- **ABOUT THIS EXERCISE**: Transcribe every entry that follows exactly, omitting all pictures.

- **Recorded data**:
-------------------------
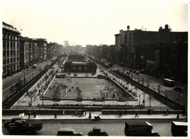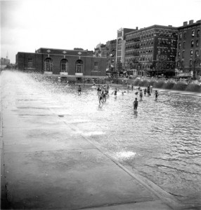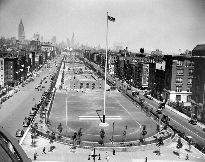 The parkland was acquired by the City in 1929 for the purpose of widening Chrystie and Forsythe Streets and building low-cost housing but was later set aside for “playgrounds and resting places for mothers and children.” The construction of the park in 1934 was the largest park project on the Lower East Side since the acquisition of Tompkins Square Park a century earlier. Parts of four streets were closed (Hester, Broome, Rivington, and Stanton) to accommodate seven distinct play areas with separate playgrounds for boys and girls, as well as two wading pools, a roller skating rink and a perimeter of benches and shade trees.
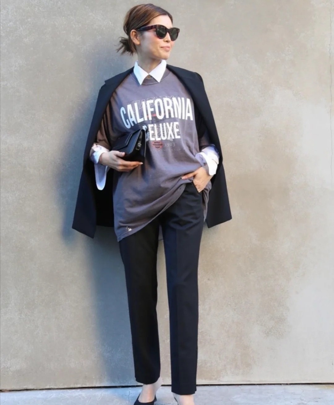 可以將外套和褲裝都採取黑色,這樣上下之間彼此呼應,色彩更完整,內搭以白色或者是淺灰色為主,這樣的色彩組合會和諧很多。而且顏色對年齡的要求並不高,展示出濃濃的高級感。
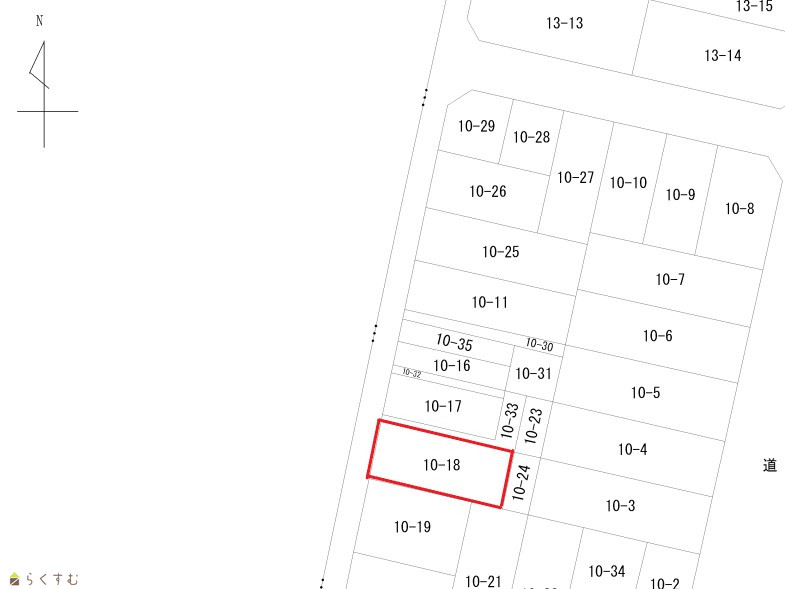 | 形状 | 間口 10m × 奥行 19.5m | 道路 | 西側 公道 約7.8m 消雪設備なし |
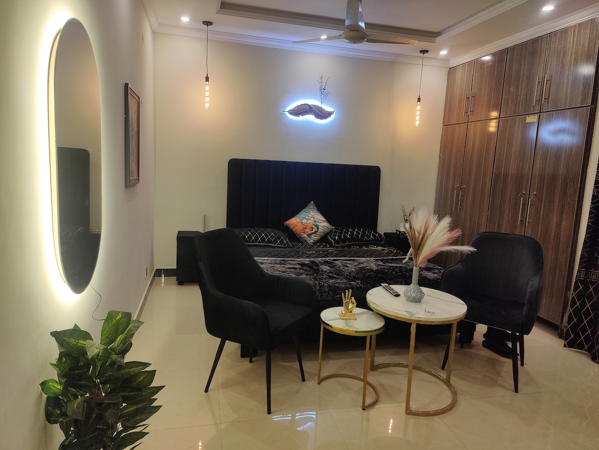 🍀 Насолоджуйтеся сучасною шикарною квартирою-студією в Джохар Таун Фаза 1, зручно розташованою поруч з лікарнею Джинна. Це стильне помешкання ідеально підходить для пар, друзів, бізнес-мандрівників і медичних відвідувачів, які шукають чисте та комфортне помешкання. 📍Розташоване в безпечній і тихій будівлі з легким доступом до ресторанів, ринків і головних доріг, воно поєднує в собі стиль, комфорт і зручність. 🟢 Доступно для пар, сімей, мандрівників і друзів
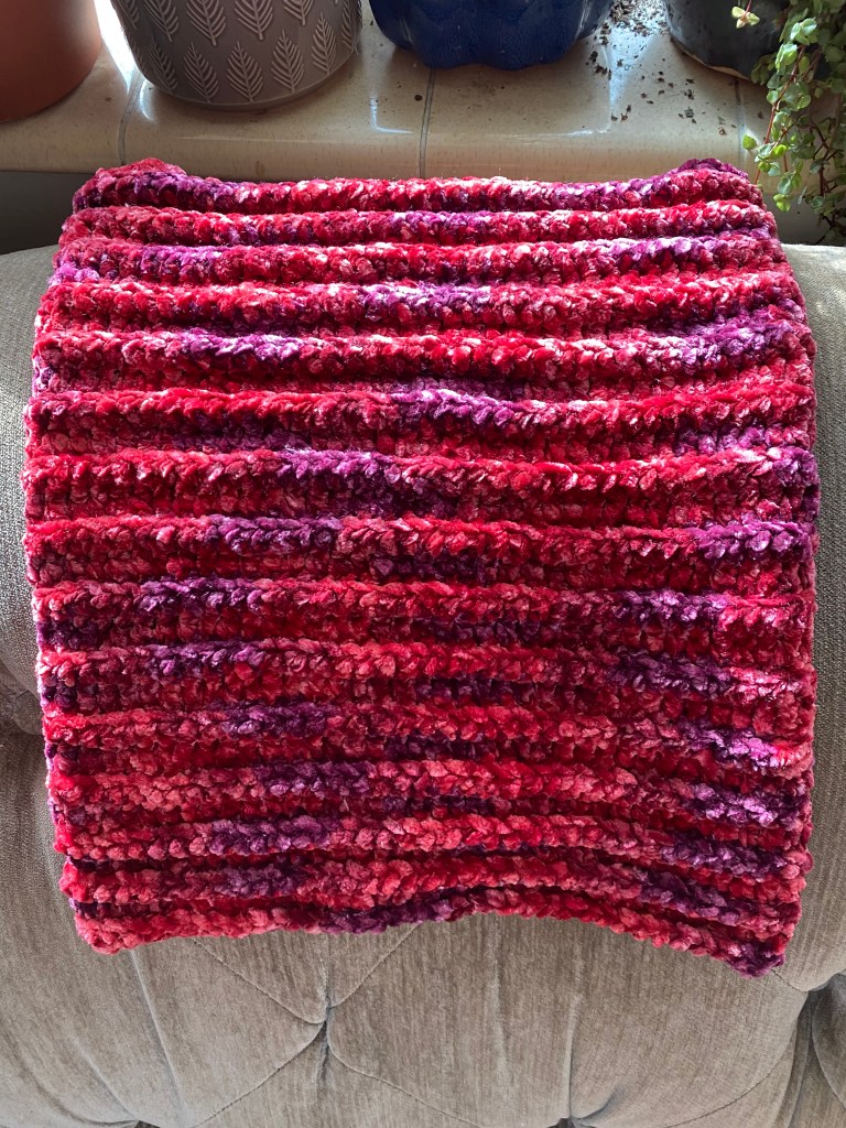 1 skein Bernat Crushed Velvet (size 5 bulky) yarn. I used Cranberry Cider in these pictures.
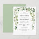 This stylish rustic wedding invitation features a delicate watercolor eucalyptus greenery arch. Personalize it with the couple's names and wedding details in charcoal gray sans serif font. The back of the card is a solid shade of green matching the watercolor design.
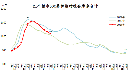 5月上旬,21個城市5大品種鋼材社會庫存1155萬噸,環比減少44萬噸,下降3.7%,庫存繼續下降;比年初增加426萬噸,上升58.4%;比上年同期增加25萬噸,上升2.2%。
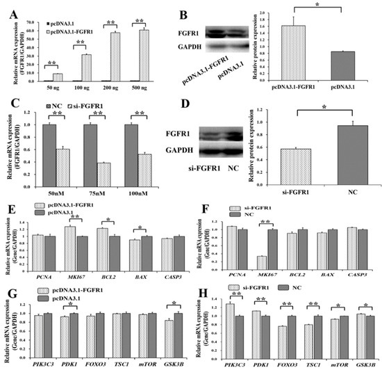 Biological effects of FGFR1 on apoptosis and PI3K signaling pathway. (A) The mRNA level of FGFR1 under different concentrations of pcDNA3.1-FGFR1 plasmid; (B) the FGFR1 protein count was stimulated by 200 ng of pcDNA3.1-FGFR1 plasmid; (C) the mRNA level of FGFR1 with different concentrations of siRNAs; (D) the FGFR1 protein count was suppressed by 70 nM of si-FGFR1. The relative mRNA expressions of genes from apoptosis signaling pathway after treatment by pcDNA3.1-FGFR1 (E) and si-FGFR1 (F); The relative mRNA expressions of genes from PI3K signaling pathway after treatment by pcDNA3.1-FGFR1 (G) and si-FGFR1 (H). * indicates p < 0.05; ** indicates p < 0.01. Data are represented as means ± SD. NC: negative control. Si-FGFR1: specific siRNA for FGFR1. PcDNA3.1-FGFR1: pcDNA3.1 overexpression plasmid of FGFR1.
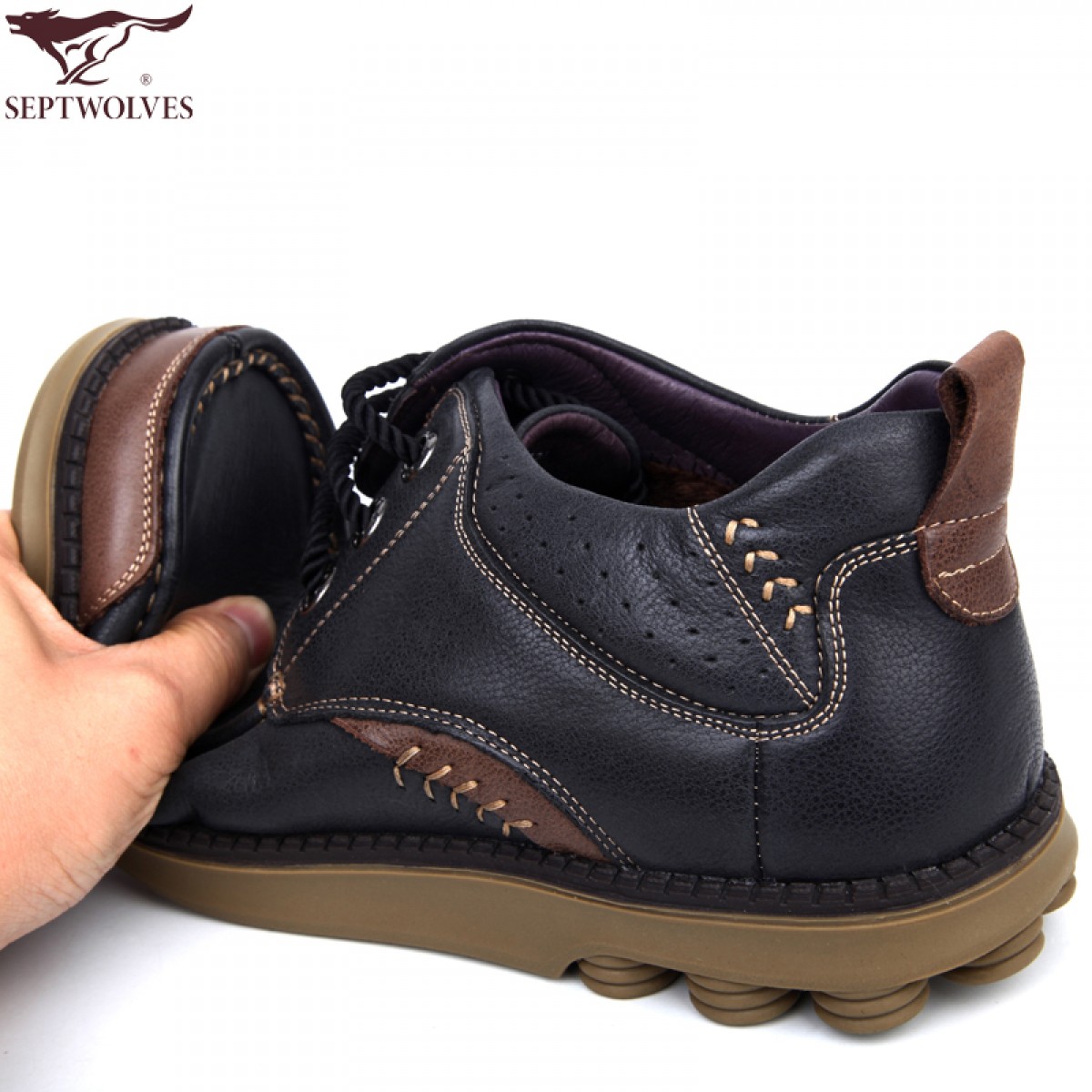 商品名称:七匹狼 棉鞋男鞋冬季头层牛皮男士复古工装加绒保暖高帮真皮毛皮鞋
-------------------------
- **REPLY TO THE TASK**:
 The parkland was acquired by the City in 1929 for the purpose of widening Chrystie and Forsythe Streets and building low-cost housing but was later set aside for “playgrounds and resting places for mothers and children.” The construction of the park in 1934 was the largest park project on the Lower East Side since the acquisition of Tompkins Square Park a century earlier. Parts of four streets were closed (Hester, Broome, Rivington, and Stanton) to accommodate seven distinct play areas with separate playgrounds for boys and girls, as well as two wading pools, a roller skating rink and a perimeter of benches and shade trees.
 可以將外套和褲裝都採取黑色,這樣上下之間彼此呼應,色彩更完整,內搭以白色或者是淺灰色為主,這樣的色彩組合會和諧很多。而且顏色對年齡的要求並不高,展示出濃濃的高級感。
 | 形状 | 間口 10m × 奥行 19.5m | 道路 | 西側 公道 約7.8m 消雪設備なし |
 🍀 Насолоджуйтеся сучасною шикарною квартирою-студією в Джохар Таун Фаза 1, зручно розташованою поруч з лікарнею Джинна. Це стильне помешкання ідеально підходить для пар, друзів, бізнес-мандрівників і медичних відвідувачів, які шукають чисте та комфортне помешкання. 📍Розташоване в безпечній і тихій будівлі з легким доступом до ресторанів, ринків і головних доріг, воно поєднує в собі стиль, комфорт і зручність. 🟢 Доступно для пар, сімей, мандрівників і друзів
 1 skein Bernat Crushed Velvet (size 5 bulky) yarn. I used Cranberry Cider in these pictures.
 This stylish rustic wedding invitation features a delicate watercolor eucalyptus greenery arch. Personalize it with the couple's names and wedding details in charcoal gray sans serif font. The back of the card is a solid shade of green matching the watercolor design.
 5月上旬,21個城市5大品種鋼材社會庫存1155萬噸,環比減少44萬噸,下降3.7%,庫存繼續下降;比年初增加426萬噸,上升58.4%;比上年同期增加25萬噸,上升2.2%。
 Biological effects of FGFR1 on apoptosis and PI3K signaling pathway. (A) The mRNA level of FGFR1 under different concentrations of pcDNA3.1-FGFR1 plasmid; (B) the FGFR1 protein count was stimulated by 200 ng of pcDNA3.1-FGFR1 plasmid; (C) the mRNA level of FGFR1 with different concentrations of siRNAs; (D) the FGFR1 protein count was suppressed by 70 nM of si-FGFR1. The relative mRNA expressions of genes from apoptosis signaling pathway after treatment by pcDNA3.1-FGFR1 (E) and si-FGFR1 (F); The relative mRNA expressions of genes from PI3K signaling pathway after treatment by pcDNA3.1-FGFR1 (G) and si-FGFR1 (H). * indicates p < 0.05; ** indicates p < 0.01. Data are represented as means ± SD. NC: negative control. Si-FGFR1: specific siRNA for FGFR1. PcDNA3.1-FGFR1: pcDNA3.1 overexpression plasmid of FGFR1.
 商品名称:七匹狼 棉鞋男鞋冬季头层牛皮男士复古工装加绒保暖高帮真皮毛皮鞋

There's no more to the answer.